What is the name of this digraph created from other digraphs? Let $D_1, D_2, ..., D_n$ be digraphs of various sizes and let $C$ be a diagraph with $n$ vertices $\{1,...,n\}$. Construct a new digraph, $D$, whose vertex set is $V(D) = V(D_1) \cup \cdots \cup V(D_n)$ and whose edge set is defined by $u \to v$ if and only if one of the two conditions hold:
$\quad$(a) $u,v \in V(D_i) \text{ and } u \to v \text{ in } D_i$
$\quad$(b) $\exists i \neq j$ such that $u \in V(D_i), v\in V(D_j)\text{ and } i \to j \text{ in } C$.
In other words, $D$ is the digraph obtained by replacing the vertices of $C$ with the diagraphs $D_1,D_2,...,D_n$.
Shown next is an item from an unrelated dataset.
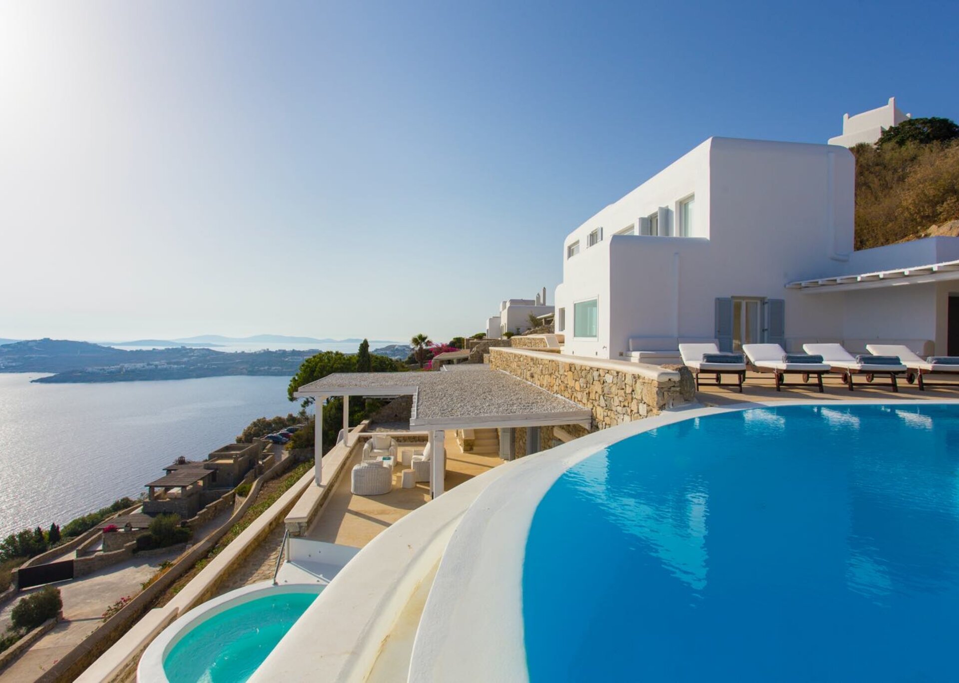A few steps lower, the jacuzzi with room for eight, will definitely be your option for absolute relaxing, looking at the cradle of ancient Greece, the Island of Delos. Although the cosmopolitan beach of Psarou with famed restaurants and chic boutiques is a few minutes away, in villa Zelie you can tranquil and seclude for as long as you need.
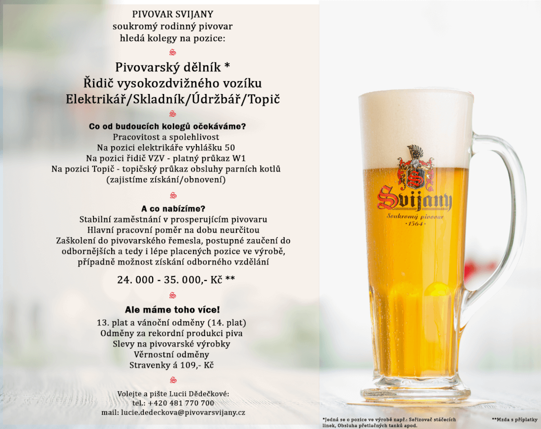 PIVOVAR SVIJANY, a.s. dodržuje platný zákon o regulaci reklamy, Kodex rady pro reklamu a dobrovolný etický kodex Iniciatviy zodpovědných pivovarů. Proto žádáme osoby mladší 18 let, aby nevstupovaly na naše internetové stránky. Děkujeme za pochopení.

Question: Is there a canonical name/notation for this process? I was digging through the Wikipedia article Graph operations to find something similar, but to no avail (perhaps I just missed it). In particular, I'm interested in when $D_1, D_2, ..., D_n$ are strongly connected and $C$ is transitive. Then the condensation of $D$ is $C$. My idea is to "reverse" the process of condensation.
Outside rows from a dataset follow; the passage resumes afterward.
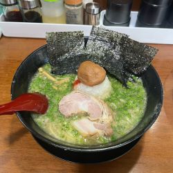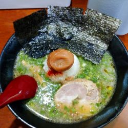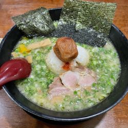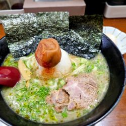 上品な豚骨スープと歯応えしっかりの自家製麺、そして見た目通りのインパクトある一杯。豚骨はくどさが全くなく、旨みだけが上手に抽出されています。口に含むと鶏かと思うほど上品。このままのスープの方が私は好きなので、みぞれは散りばめずにレンゲで掬ってお口直し的な存在としていただきました。梅干しも同じく。めちゃ美味しかったです^_^
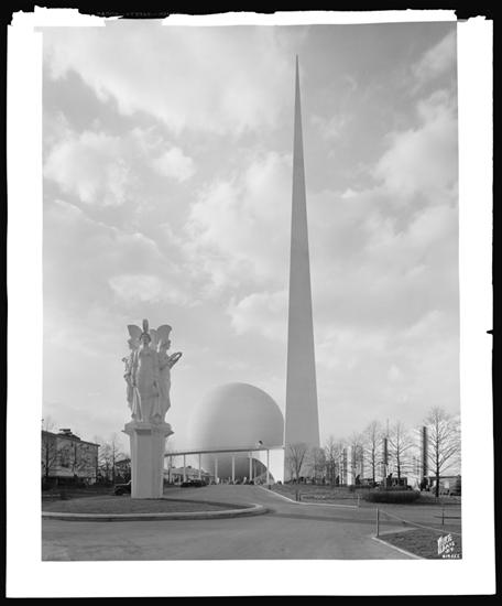 New York Worlds Fair. Theme Center [Trylon and Perisphere], "Four Victories of Peace" statue
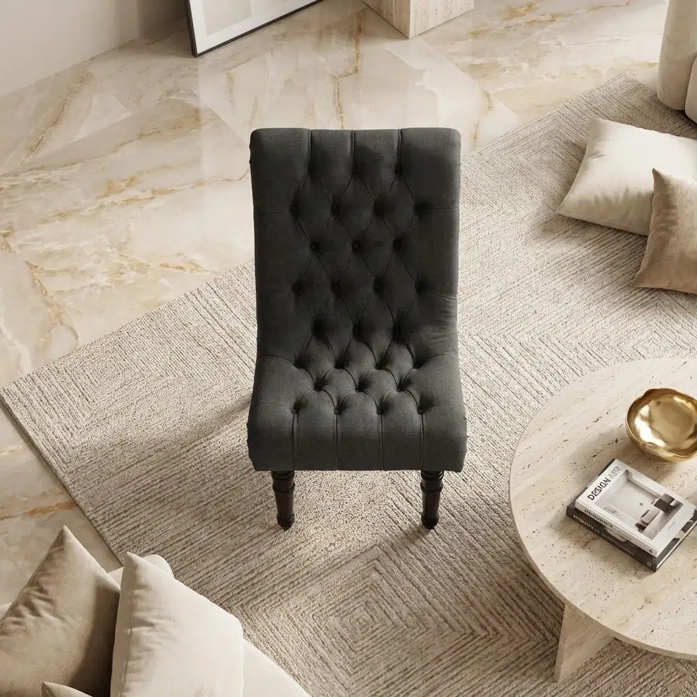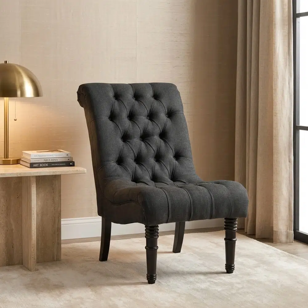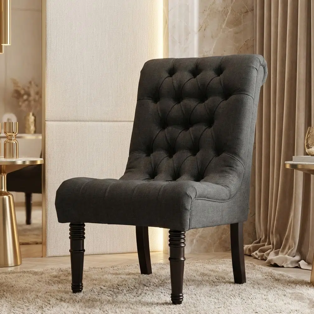 Upgrade your interior with this traditional button tufted accent chair, featuring a high back, linen fabric upholstery, and elegant black wooden legs perfect for UAE homes.

 A: This can be phrased as a "partial graph join" (the graph join is a well-known operation) described by $C$. Indeed, suppose $C$ has the edge $1 \to 2$. Then $D$ has an edge $u \to v$ if $u \in D_1$ and $v \in D_2$; i.e., join all vertices of $D_1$ to vertices of $D_2$, respecting the orientation $1 \to 2$.
Thus the adjacency matrix $A$ of $D$ will be of the following block form, writing $IJ$ for the $ij$th block of the adjacency matrix, $A_i$ for the adjacency matrix of $D_i$, $\mathbf{1}$ for the all-ones matrix, and $\mathbf{0}$ for the all-zeroes matrix:
$$(A)_{IJ} = \begin{cases} A_i &\text{if } I = J = i \\ \mathbf{1} &\text{if } I \to J \in C\\ \mathbf{0} &\text{else }\end{cases}$$
Based off a comment, if we denote the graph join as $G \leftrightarrow H$, then one can extend this by induction to $\leftrightarrow_{j=1}^n G_j$, which is clearly associative. Then if we index the graph created by the procedure in the question as $C(D_1,\dots,D_n)$ one can see why I thought "partial" graph join was a suitable name; on the underlying graphs $G_i$ of the $D_i$:
$$K_n(G_1,\dots G_n) = \hphantom{ }\leftrightarrow_{j=1}^n G_j$$
It is also partial in the sense that this algorithm acts on digraphs, which could be considered "partial graphs" insofar as we can identify (nonloop) $2$-cycles with edges.
A: I finally found a canonical name for this process in this article: Hamiltonian tournaments with the least number of $3$-cycles. The author calls $D = C(D_1,D_2,...,D_n)$ the composition of the $n$ components $M_1,M_2,...,M_n$ with the quotient $C$.